Jatengvox.com – Peringatan Isra Mikraj Nabi Muhammad SAW bukan sekadar momentum mengenang peristiwa agung perjalanan spiritual Rasulullah.
Lebih dari itu, peristiwa ini menyimpan pesan mendalam tentang bagaimana ibadah salat seharusnya membentuk karakter dan cara hidup seorang Muslim di tengah realitas sosial dan lingkungan.
Hal tersebut disampaikan Menteri Agama RI, Nasaruddin Umar, dalam arahannya pada peringatan Isra Mikraj 1447 Hijriah/2026 M yang digelar di Jakarta, Kamis (15/1/2026).
Menurutnya, salat tidak hanya berdimensi kesalehan spiritual, tetapi juga memiliki implikasi kuat terhadap kepedulian sosial dan kelestarian alam.
Dalam peristiwa Mikraj, Rasulullah SAW menerima perintah salat lima waktu yang kemudian menjadi kewajiban utama umat Islam.
Menag menegaskan, perintah tersebut bukan sekadar ritual formal, melainkan fondasi pembentukan kepribadian Muslim yang beriman, disiplin, dan berakhlak mulia.
Salat yang dijalankan dengan pemahaman dan penghayatan yang benar, lanjutnya, akan melahirkan kesadaran diri yang tinggi.
Dari kesadaran inilah tumbuh kepekaan sosial, rasa tanggung jawab terhadap sesama, serta kepedulian terhadap lingkungan sekitar.
“Salat yang dilakukan secara benar mampu mencegah perbuatan keji dan mungkar. Sekaligus menumbuhkan sikap tanggung jawab sosial dan ekologis,” ujar Menag.
Menag juga menyoroti prinsip thaharah atau kesucian sebagai syarat sahnya salat. Prinsip ini, menurutnya, mengajarkan nilai kebersihan yang tidak berhenti pada diri pribadi, tetapi juga mencakup lingkungan hidup.
Kebiasaan menjaga kebersihan sebelum salat sejatinya membentuk kesadaran kolektif bahwa Islam sangat menekankan pentingnya lingkungan yang bersih, sehat, dan layak huni.

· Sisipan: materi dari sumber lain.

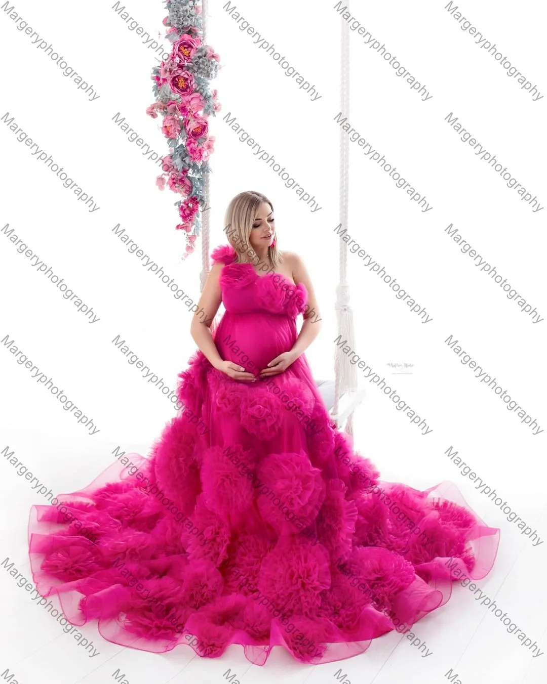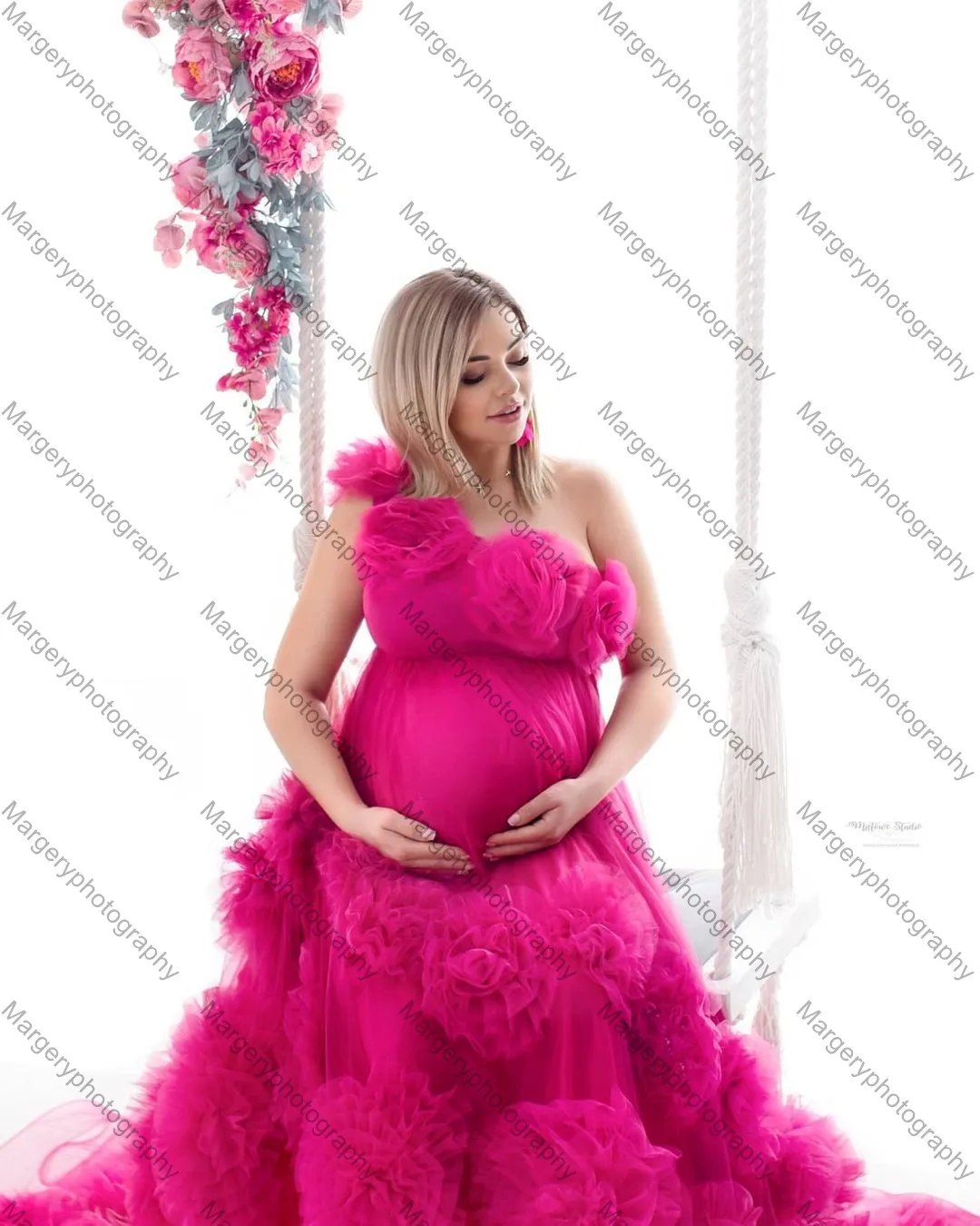 Очаровательные фатиновые платья фуксии для беременных для фотосъемк...

Dalam konteks kehidupan modern, nilai ini relevan dengan tantangan pengelolaan sampah, pencemaran, hingga krisis lingkungan yang semakin nyata.
Selain itu, gerakan dan tata tertib dalam salat mengandung pesan kedisiplinan, moderasi, serta pengendalian diri.

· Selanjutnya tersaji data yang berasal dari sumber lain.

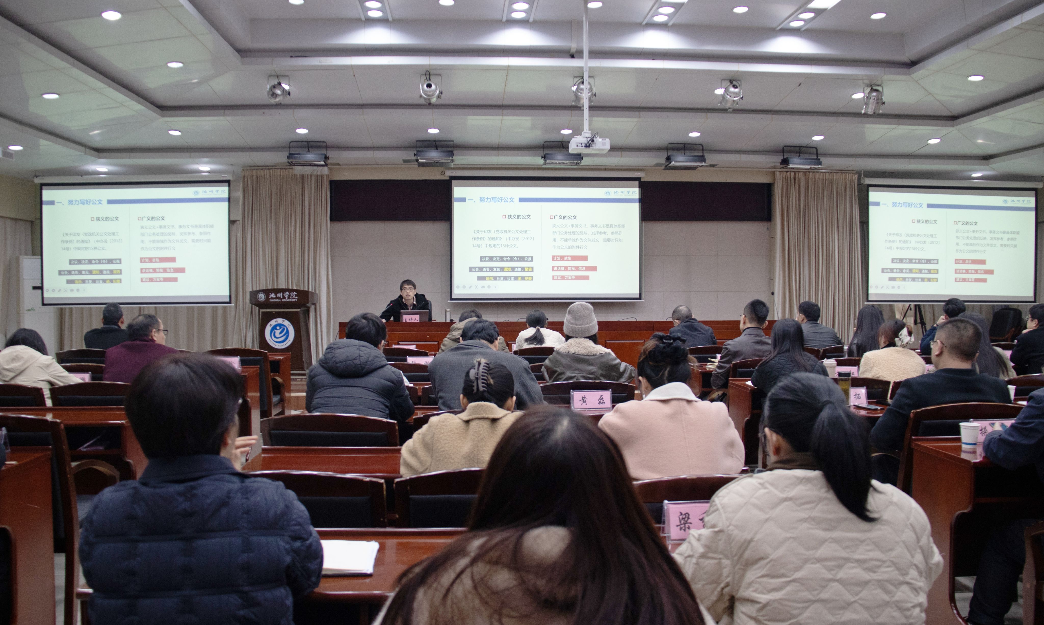 陈周庆系统阐述了公文的特点及其在学校行政管理中的重要作用,结合工作实际案例,详细讲解了通知、报告、请示、函、纪要、汇报材料等常用公文的写作规范、适用范围和注意事项,并对会议组织流程与关键环节进行了重点说明。

Nilai-nilai tersebut menjadi penting, terutama dalam cara manusia membangun, mengelola, dan memanfaatkan sumber daya alam agar tetap adil dan berkelanjutan.
Lebih jauh, Menag menekankan bahwa esensi Isra Mikraj menunjukkan Islam sebagai fondasi etika ekologis.
Konsep tauhid tidak hanya berbicara tentang keesaan Allah, tetapi juga mengimplikasikan kesatuan ciptaan (unity of creation).
Alam semesta dipandang sebagai bagian dari ayat-ayat kauniyah yang merefleksikan kebesaran Allah SWT.
“Merusak alam berarti mengabaikan tanda-tanda kekuasaan Allah. Sementara menjaga dan merawat lingkungan merupakan bagian dari manifestasi keimanan dan ketaatan kepada-Nya,” tegasnya.
Pandangan ini menempatkan manusia bukan sebagai penguasa yang bebas mengeksploitasi alam, melainkan sebagai penjaga yang bertanggung jawab atas keseimbangan ciptaan.
Melalui peringatan Isra Mikraj 1447 H, Menag mengajak umat Islam menjadikan momen ini sebagai ruang refleksi untuk meneguhkan kembali peran manusia sebagai khalifah di muka bumi.
Krisis lingkungan yang terjadi saat ini, mulai dari perubahan iklim hingga kerusakan ekosistem, menuntut hadirnya kesalehan yang utuh—kesalehan yang tidak berhenti di ruang ibadah, tetapi nyata dalam tindakan sehari-hari.